The Automation Script: "The Migration Loop"   
This script uses the databricks.sdk or standard PySpark to query the Information Schema, identify the target tables, and then execute the ALTER and OPTIMIZE commands sequentially.

In [None]:
# Import the necessary Spark functions
from pyspark.sql import functions as F

# 1. Define your target catalog and the clustering column logic
# (In this example, we'll cluster by 'device_id' if it exists, or 'id')
TARGET_CATALOG = "main"

def migrate_to_liquid_clustering():
    # 2. Query Information Schema for the 'Migration List'
    # We look for Managed Delta tables that are NOT yet clustered
    migration_targets = spark.sql(f"""
        SELECT table_schema, table_name 
        FROM {TARGET_CATALOG}.information_schema.tables 
        WHERE table_type = 'MANAGED' 
        AND NOT array_contains(table_features, 'clustering')
        AND table_schema NOT IN ('information_schema', 'sys')
        LIMIT 10
    """).collect()

    if not migration_targets:
        print("No tables found for migration. Your Lakehouse is up to date!")
        return

    for row in migration_targets:
        full_table_name = f"{TARGET_CATALOG}.{row.table_schema}.{row.table_name}"
        print(f"Starting migration for: {full_table_name}")

        try:
            # 3. Step 1: Logical Rewrite (Define Clustering Key)
            # You can customize the clustering key logic here
            spark.sql(f"ALTER TABLE {full_table_name} CLUSTER BY (id)")
            print(f"  - Logical Rewrite Complete: Clustering key set to 'id'")
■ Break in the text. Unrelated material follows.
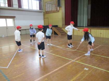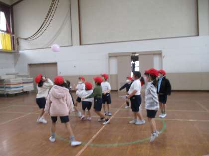 風船バレーは,2チームに分かれてやりました。みんな落とさないように風船を追いかけていました。大繩は郵便屋さんをし,頑張って飛ぼうとしていました。
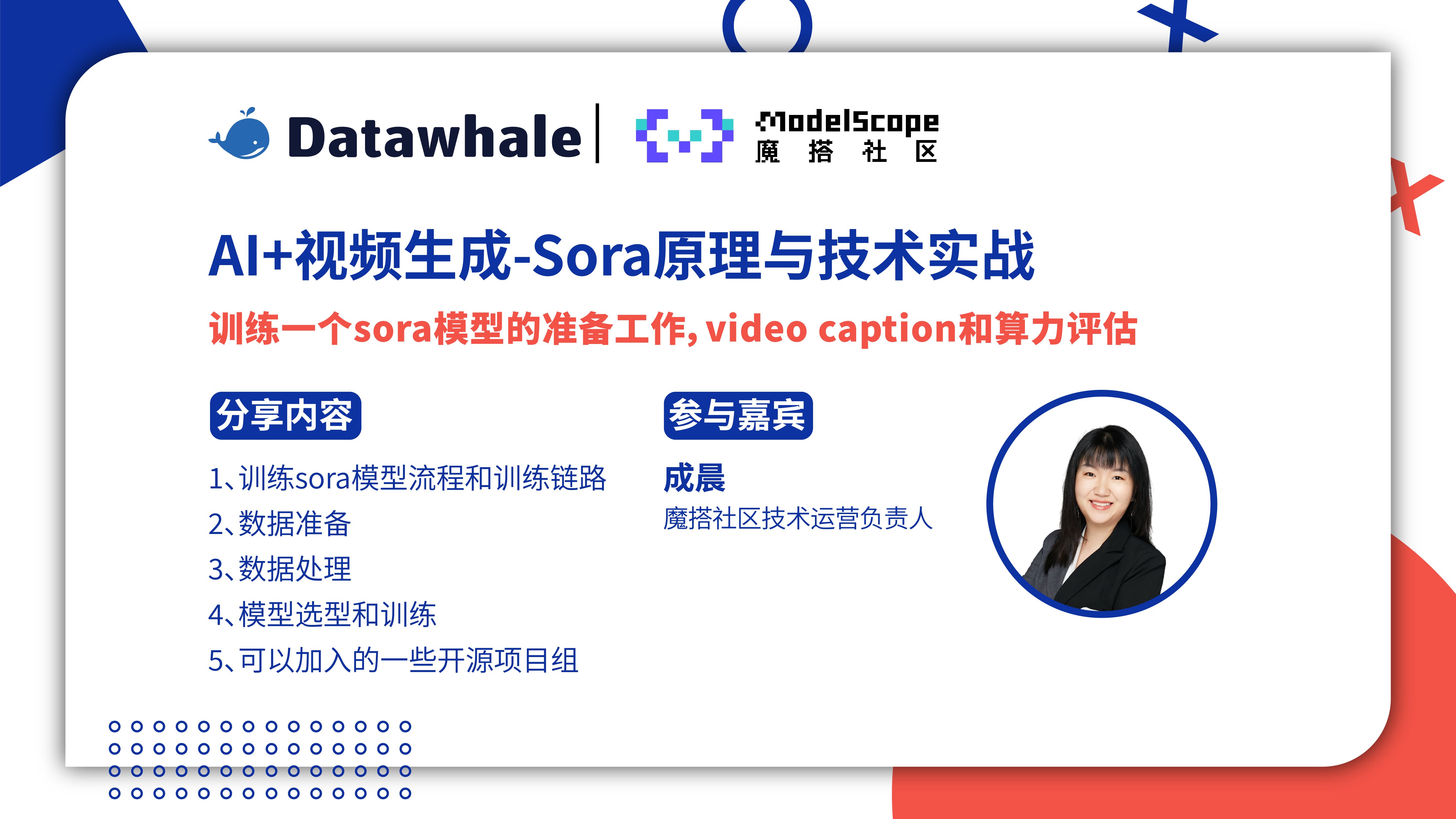 UP主: 封面: 简介:Sora原理与技术实战:Part5 - 训练一个sora模型的准备工作,video caption和算力评估【参与嘉宾】成晨:魔搭社区技术运营负责人【分享内容】1、训练sora模型流程和训练链路2...

            # 4. Step 2: Physical Rewrite (Compaction and Clustering)
            spark.sql(f"OPTIMIZE {full_table_name}")
            print(f"  - Physical Rewrite Complete: Data reorganized on disk")

        except Exception as e:
            print(f"  - Error migrating {full_table_name}: {e}")

# Run the migration
migrate_to_liquid_clustering()

In Databricks and Spark SQL, table_features is a column that stores an Array of strings. Because it is a list rather than a single value, you cannot use a simple equals sign (=) to query it. This is where array_contains comes in.

1. What is array_contains?
The array_contains(column, value) function is a boolean check. It looks inside a collection (the array) and returns True if the specific value exists anywhere in that list, and False if it does not.

In the context of your audit query:

The Column (table_features): A list of all advanced Delta Lake capabilities enabled for that specific table.

The Value ('clustering'): The specific string that identifies Liquid Clustering.